**Try it:**
Return all entries verbatim; skip any pictures.

**Provided information:**

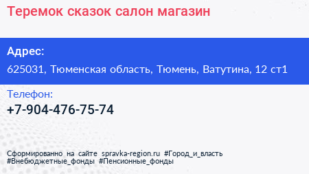 Теремок сказок, салон-магазин по адресу 625031, Тюменская область, Тюмень, Ватутина, 12 ст1 в дальнейшем Организация, размещена в следующих категориях:
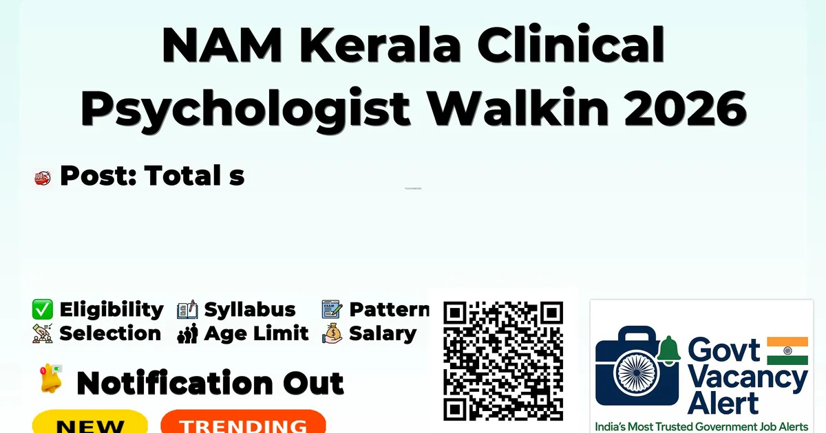 Organization Name National Ayush Mission Kerala (NAM Kerala) Post Name Clinical Psychologist Number of Posts 1 State Kerala Walk-in Date 17 February 2026 Apply Mode Walk-in Interview Field Healthcare
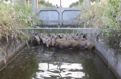 10月14日中午,水渠巡防员赵师傅在巡防水渠时发现有一群麋鹿被困水渠中,便立即拨打电话向川东边防派出所求助。派出所将相关信息通告保护区,和保护区救助人员立刻赶到现场。
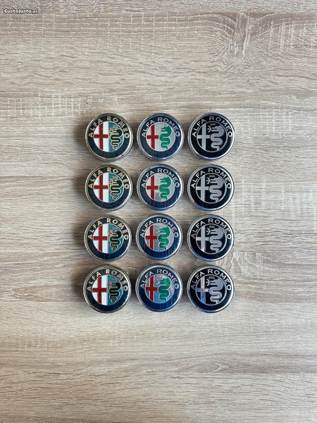 Conjunto de 4 tampas centros de jantes Alfa Romeo disponíveis nas medidas de 50mm, 56mm e 60mm novos embalados no plástico.
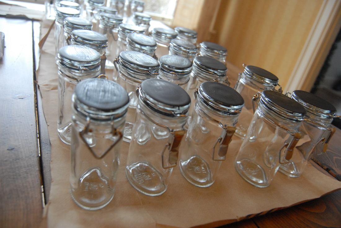 Instructions: Here is the process I went through to make this... I started by washing all of the jars. After they were dry I removed the rubber seals and set them to the side to avoid getting paint on them. Using the recipe I found on Attempting Aloha, I mixed the chalkboard paint. The ratio is about 2 ounces (1/4 cup) Acrylic paint to 1.5 teaspoons of non-sanded grout. Be careful because the grout is very dusty! The paint does come out really thick. You can add a little more acrylic paint to the mix if needed but it does smooth out when applied to the jars. I applied two coats of paint to the lids of each jar, waiting for them to dry in between coats. After the second coat was dry, I wrote the spice names on the tops of the jars with the wet erase chalk marker. I also wrote the expiration date on the bottom of the jars using a sharpie. I put the rubber seal back on the jar and poured the spices in. Then they were ready for there new home next to all the Nuun! I was really excited to have space freed up in the cabinet. Don’t worry it didn’t take me long to fill it up with something else. 1 Comment | About us...Married August 6, 2011 bought our first house October 1, 2011. ArchivesMarch 2012 CategoriesAll Links monetized by VigLink
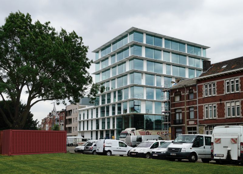 Agoria, la fédération de l’industrie technologique, souhaitait moderniser ses installations et s’offrir un nouvel immeuble à l’image de ses ambitions et de son dynamisme. Le projet, dont le chantier entre dans sa dernière phase, prend place sur une large parcelle appartenant à la fédération et qui se situe dans le quartier résidentiel des Vennes, à Liège. La démolition des immeubles existants et l’acquisition de 2 maisons mitoyennes ont libéré un vaste terrain au coeur du tissu urbain. De fait, la parcelle bénéficie de 42 mètres à front de voirie et d’une profondeur de 70 mètres. L’espace disponible, le programme du projet et son implantation urbanistique créent un contexte de travail aux enjeux multiples. Agoria a souhaité rassembler une équipe plurielle et solidaire capable de lui offrir toutes les compétences nécessaires pour maîtriser l’ensemble des opérations : conception, exécution, études de stabilité et gestion des techniques spéciales, en particulier celles liées aux économies d’énergie. La construction a été confiée à l’association des bureaux Greisch, Archeops et Neo&Ides. Ainsi, l’ensemble des contraintes ont pu être traitées simultanément dès les premières esquisses pour arriver au niveau de qualité attendu par le maître de l’ouvrage.
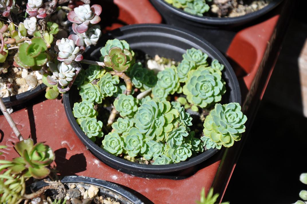 Blaugrüne Rosetten, ca 2cm Durchmesser, weiße Blüten.
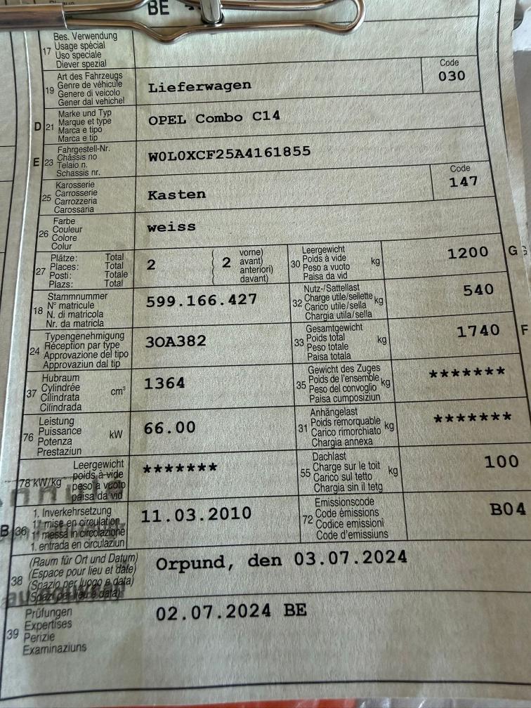 Zu verkaufen: Opel Combo mit wenigen Kilometern Zu verkaufen steht ein Opel Combo mit wenigen Kilometern. Bekannte Mängel: • Geräusche vorne vom Radlager (Radlager vorne vermutlich defekt) • Knacken beim Lenken Es wurde kein Werkstatttest durchgeführt. Das Fahrzeug wird ab Platz / ab Platte verkauft, ohne Garantie oder Gewährleistung. Das Fahrzeug muss innerhalb von fünf Arbeitstagen abgeholt werden, ansonsten entstehen Standgebühren von CHF 20.– pro Tag.
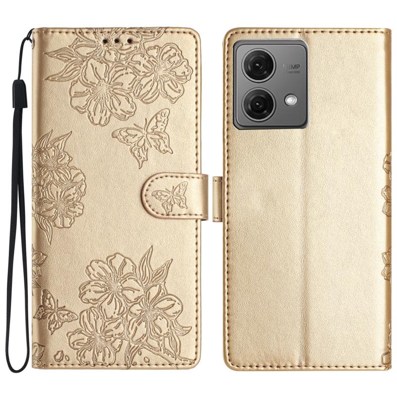 For Motorola Moto G84 5G Cherry Blossom Butterfly Skin Feel Embossed PU Phone Case(Gold)
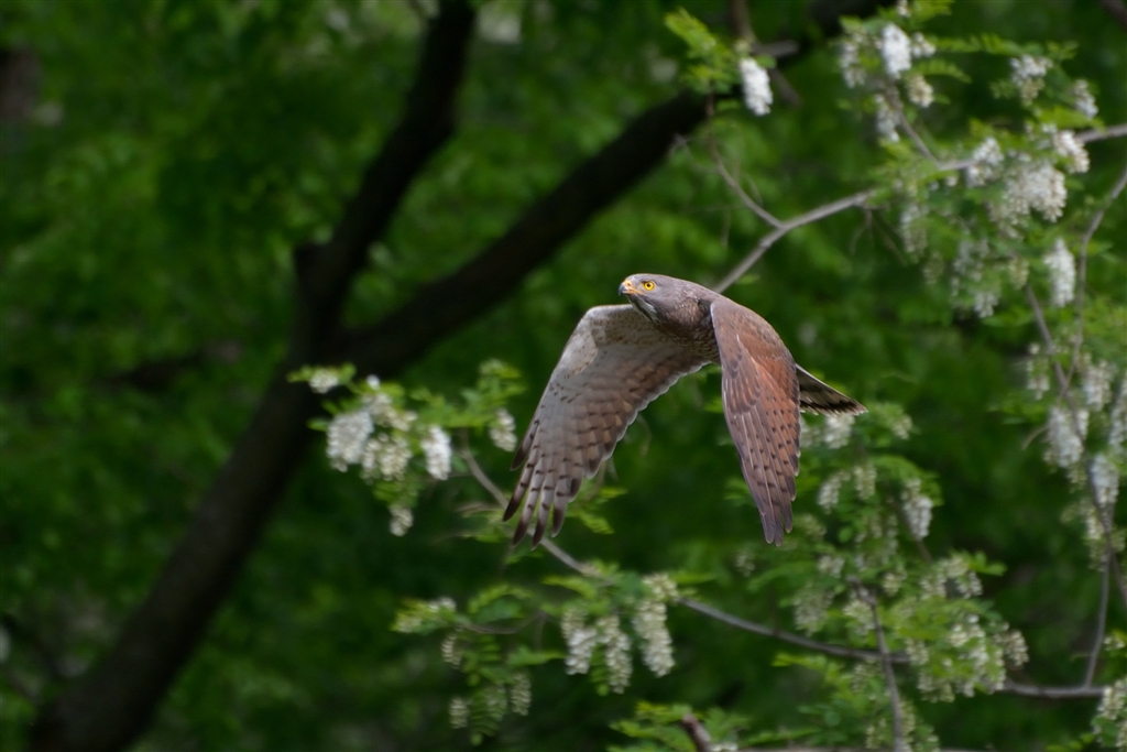 アカシアを背景に飛ぶサシバ ピン甘ですが・・・
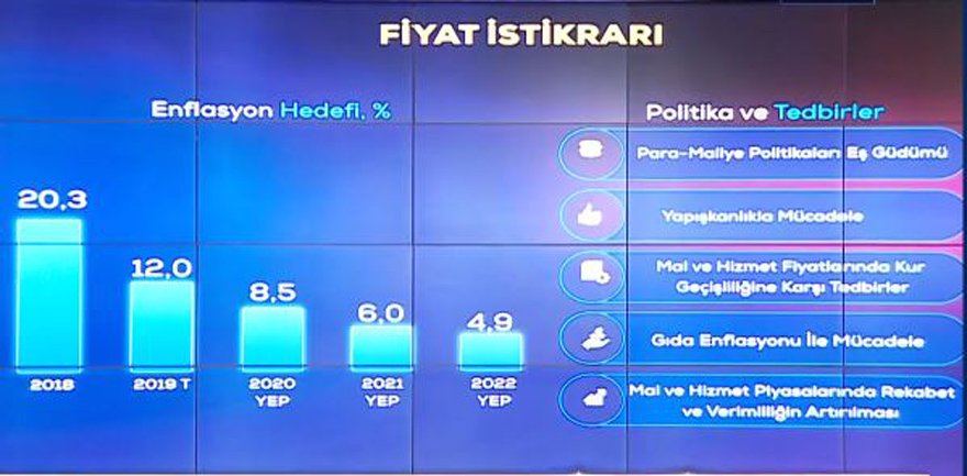 2019'u yüzde 12'lik enflasyon tahmini ile geride bırakmayı hedefliyoruz. 2020 yüzde 9.8'di yüzde 8 oldu. 2021 yüzde 6, 2022'de yüzde 4.9'luk enflasyon hedefliyoruz.
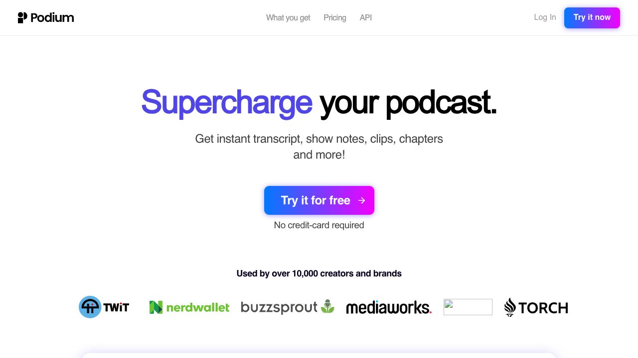 Podium is an AI-powered tool designed to streamline podcast production by generating transcripts, show notes, chapters, highlight clips, and more. It aims to save time and enhance content quality for podcasters of all sizes, offering features like AI copywriting for show notes and articles.
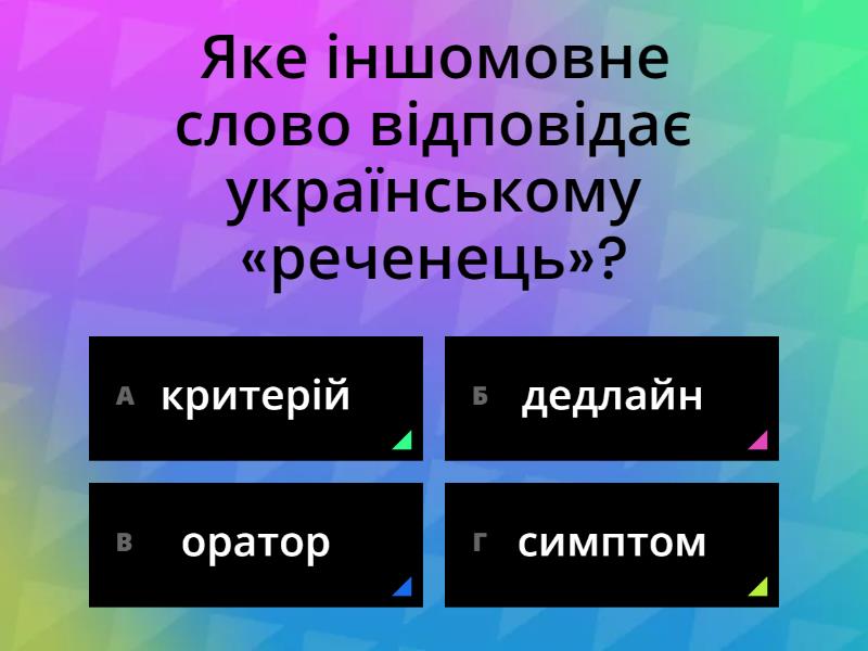 1) Яке іншомовне слово відповідає українському «реченець»? a) критерій b) дедлайн c) оратор d) симптом 2) Фразеологізм «давати на горіхи» означає a) сварити b) хвалити c) виявляти щедрість d) відмовляти 3) «Цвенькати, хамаркати, варнякати» — це нюансові синоніми до слова a) йти b) бити c) їсти d) говорити 4) Як правильно просити вибачення? a) вибачте мене b) вибачте мені c) вибачаюся d) приношу вибачення 5) Початок української літературної мови ведуть з дати видання a) «Букваря» Івана Федорова b) «Кобзаря» Тараса Шевченка c) «Енеїди» Івана Котляревського d) «Граматики» Мелетія Смотрицького 6) У якому слові наголос падає на третій склад? a) горошина b) отаман c) довідник d) одноразовий 7) Що означає діалектне слово «тремпель»? a) вішак для одягу b) молоток c) кухоль d) велосипед 8) День української писемності та мови святкують 27 жовтня (раніше 9 листопада), цього дня відбувається щорічний a) мистецький фестиваль «Ї» b) Диктант національної єдності c) мовомарафон «Переходь на українську» d) флешмоб «5 улюблених українських слів» 9) Дієслівна форма «читав був» — це a) давноминулий час b) діалектизм c) просторіччя d) граматична помилка 10) Якій літері української абетки в м.Рівному встановили пам'ятний знак заввишки понад 3 метри? a) ґ b) і c) ї d) у 11) У новій редакції українського правопису від 2019 року НЕМАЄ такого нововведення: a) утворення фемінітивів b) вживання букви И в слові «индик» c) паралельні закінчення «незалежності» й «незалежности» d) заміна Е на Є в слові «проєкт» 12) Згідно з дослідженнями у 2020-2023 роках вживання української мови в соціальних мережах значно зросло, а найбільший % контенту українською в a) фейсбуці b) інстаграмі c) твіттері d) ютубі
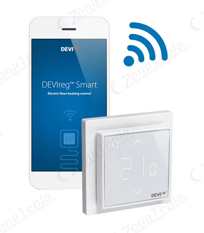 Терморегулятор DEVIreg Smart – це пристрій, який дозволяє вам максимально ефективно контролювати температуру у приміщенні з системою підігріву підлоги. Завдяки бездротовому з’єднанню Wi-Fi ви можете легко керувати температурою з будь-якої точки світу через мобільний додаток DEVIsmart™ App.
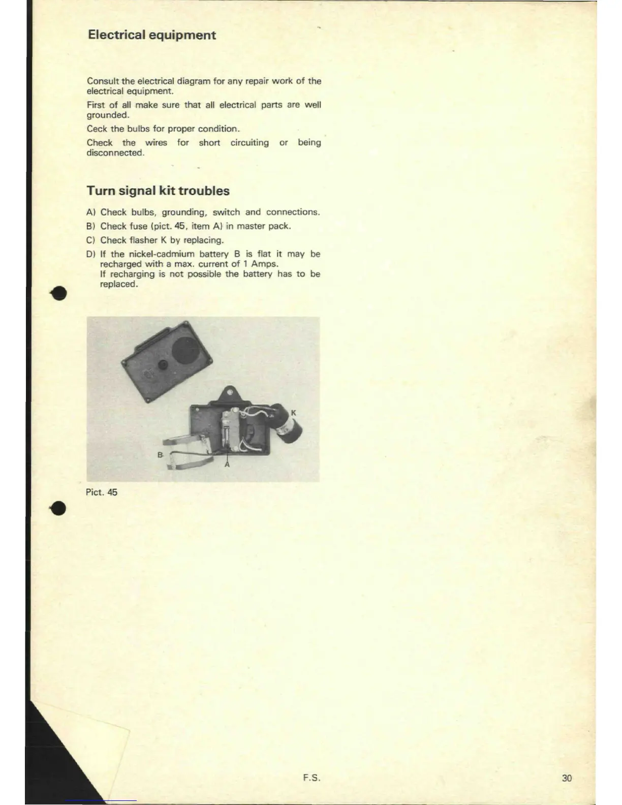 B) Check fuse (pict. 45, item A) in master pack.
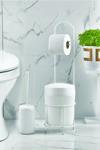 Depa Metal Standlı Yuvarlak Kovalı & Kağıtlıklı & Fırçalıklı Beyaz Banyo Takımı
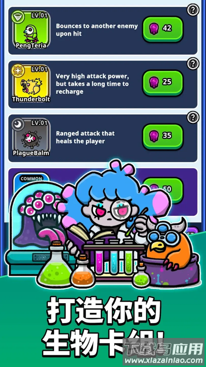 突变生物在毒雾中疯狂进化,你必须不断调整战术才能存活;通过击败敌人获取生物卡牌,激活羁绊效果增强队伍实力;随机出现的武器工坊允许你将普通装备合成传奇神兵;单指滑动即可控制角色走位,自动攻击系统让你专注策略部署。

**Completed task:**
 Теремок сказок, салон-магазин по адресу 625031, Тюменская область, Тюмень, Ватутина, 12 ст1 в дальнейшем Организация, размещена в следующих категориях:
 Organization Name National Ayush Mission Kerala (NAM Kerala) Post Name Clinical Psychologist Number of Posts 1 State Kerala Walk-in Date 17 February 2026 Apply Mode Walk-in Interview Field Healthcare
 10月14日中午,水渠巡防员赵师傅在巡防水渠时发现有一群麋鹿被困水渠中,便立即拨打电话向川东边防派出所求助。派出所将相关信息通告保护区,和保护区救助人员立刻赶到现场。
 Conjunto de 4 tampas centros de jantes Alfa Romeo disponíveis nas medidas de 50mm, 56mm e 60mm novos embalados no plástico.
 Instructions: Here is the process I went through to make this... I started by washing all of the jars. After they were dry I removed the rubber seals and set them to the side to avoid getting paint on them. Using the recipe I found on Attempting Aloha, I mixed the chalkboard paint. The ratio is about 2 ounces (1/4 cup) Acrylic paint to 1.5 teaspoons of non-sanded grout. Be careful because the grout is very dusty! The paint does come out really thick. You can add a little more acrylic paint to the mix if needed but it does smooth out when applied to the jars. I applied two coats of paint to the lids of each jar, waiting for them to dry in between coats. After the second coat was dry, I wrote the spice names on the tops of the jars with the wet erase chalk marker. I also wrote the expiration date on the bottom of the jars using a sharpie. I put the rubber seal back on the jar and poured the spices in. Then they were ready for there new home next to all the Nuun! I was really excited to have space freed up in the cabinet. Don’t worry it didn’t take me long to fill it up with something else. 1 Comment | About us...Married August 6, 2011 bought our first house October 1, 2011. ArchivesMarch 2012 CategoriesAll Links monetized by VigLink
 Agoria, la fédération de l’industrie technologique, souhaitait moderniser ses installations et s’offrir un nouvel immeuble à l’image de ses ambitions et de son dynamisme. Le projet, dont le chantier entre dans sa dernière phase, prend place sur une large parcelle appartenant à la fédération et qui se situe dans le quartier résidentiel des Vennes, à Liège. La démolition des immeubles existants et l’acquisition de 2 maisons mitoyennes ont libéré un vaste terrain au coeur du tissu urbain. De fait, la parcelle bénéficie de 42 mètres à front de voirie et d’une profondeur de 70 mètres. L’espace disponible, le programme du projet et son implantation urbanistique créent un contexte de travail aux enjeux multiples. Agoria a souhaité rassembler une équipe plurielle et solidaire capable de lui offrir toutes les compétences nécessaires pour maîtriser l’ensemble des opérations : conception, exécution, études de stabilité et gestion des techniques spéciales, en particulier celles liées aux économies d’énergie. La construction a été confiée à l’association des bureaux Greisch, Archeops et Neo&Ides. Ainsi, l’ensemble des contraintes ont pu être traitées simultanément dès les premières esquisses pour arriver au niveau de qualité attendu par le maître de l’ouvrage.
 Blaugrüne Rosetten, ca 2cm Durchmesser, weiße Blüten.
 Zu verkaufen: Opel Combo mit wenigen Kilometern Zu verkaufen steht ein Opel Combo mit wenigen Kilometern. Bekannte Mängel: • Geräusche vorne vom Radlager (Radlager vorne vermutlich defekt) • Knacken beim Lenken Es wurde kein Werkstatttest durchgeführt. Das Fahrzeug wird ab Platz / ab Platte verkauft, ohne Garantie oder Gewährleistung. Das Fahrzeug muss innerhalb von fünf Arbeitstagen abgeholt werden, ansonsten entstehen Standgebühren von CHF 20.– pro Tag.
 For Motorola Moto G84 5G Cherry Blossom Butterfly Skin Feel Embossed PU Phone Case(Gold)
 アカシアを背景に飛ぶサシバ ピン甘ですが・・・
 2019'u yüzde 12'lik enflasyon tahmini ile geride bırakmayı hedefliyoruz. 2020 yüzde 9.8'di yüzde 8 oldu. 2021 yüzde 6, 2022'de yüzde 4.9'luk enflasyon hedefliyoruz.
 Podium is an AI-powered tool designed to streamline podcast production by generating transcripts, show notes, chapters, highlight clips, and more. It aims to save time and enhance content quality for podcasters of all sizes, offering features like AI copywriting for show notes and articles.
 1) Яке іншомовне слово відповідає українському «реченець»? a) критерій b) дедлайн c) оратор d) симптом 2) Фразеологізм «давати на горіхи» означає a) сварити b) хвалити c) виявляти щедрість d) відмовляти 3) «Цвенькати, хамаркати, варнякати» — це нюансові синоніми до слова a) йти b) бити c) їсти d) говорити 4) Як правильно просити вибачення? a) вибачте мене b) вибачте мені c) вибачаюся d) приношу вибачення 5) Початок української літературної мови ведуть з дати видання a) «Букваря» Івана Федорова b) «Кобзаря» Тараса Шевченка c) «Енеїди» Івана Котляревського d) «Граматики» Мелетія Смотрицького 6) У якому слові наголос падає на третій склад? a) горошина b) отаман c) довідник d) одноразовий 7) Що означає діалектне слово «тремпель»? a) вішак для одягу b) молоток c) кухоль d) велосипед 8) День української писемності та мови святкують 27 жовтня (раніше 9 листопада), цього дня відбувається щорічний a) мистецький фестиваль «Ї» b) Диктант національної єдності c) мовомарафон «Переходь на українську» d) флешмоб «5 улюблених українських слів» 9) Дієслівна форма «читав був» — це a) давноминулий час b) діалектизм c) просторіччя d) граматична помилка 10) Якій літері української абетки в м.Рівному встановили пам'ятний знак заввишки понад 3 метри? a) ґ b) і c) ї d) у 11) У новій редакції українського правопису від 2019 року НЕМАЄ такого нововведення: a) утворення фемінітивів b) вживання букви И в слові «индик» c) паралельні закінчення «незалежності» й «незалежности» d) заміна Е на Є в слові «проєкт» 12) Згідно з дослідженнями у 2020-2023 роках вживання української мови в соціальних мережах значно зросло, а найбільший % контенту українською в a) фейсбуці b) інстаграмі c) твіттері d) ютубі
 Терморегулятор DEVIreg Smart – це пристрій, який дозволяє вам максимально ефективно контролювати температуру у приміщенні з системою підігріву підлоги. Завдяки бездротовому з’єднанню Wi-Fi ви можете легко керувати температурою з будь-якої точки світу через мобільний додаток DEVIsmart™ App.
 B) Check fuse (pict. 45, item A) in master pack.
 Depa Metal Standlı Yuvarlak Kovalı & Kağıtlıklı & Fırçalıklı Beyaz Banyo Takımı
 突变生物在毒雾中疯狂进化,你必须不断调整战术才能存活;通过击败敌人获取生物卡牌,激活羁绊效果增强队伍实力;随机出现的武器工坊允许你将普通装备合成传奇神兵;单指滑动即可控制角色走位,自动攻击系统让你专注策略部署。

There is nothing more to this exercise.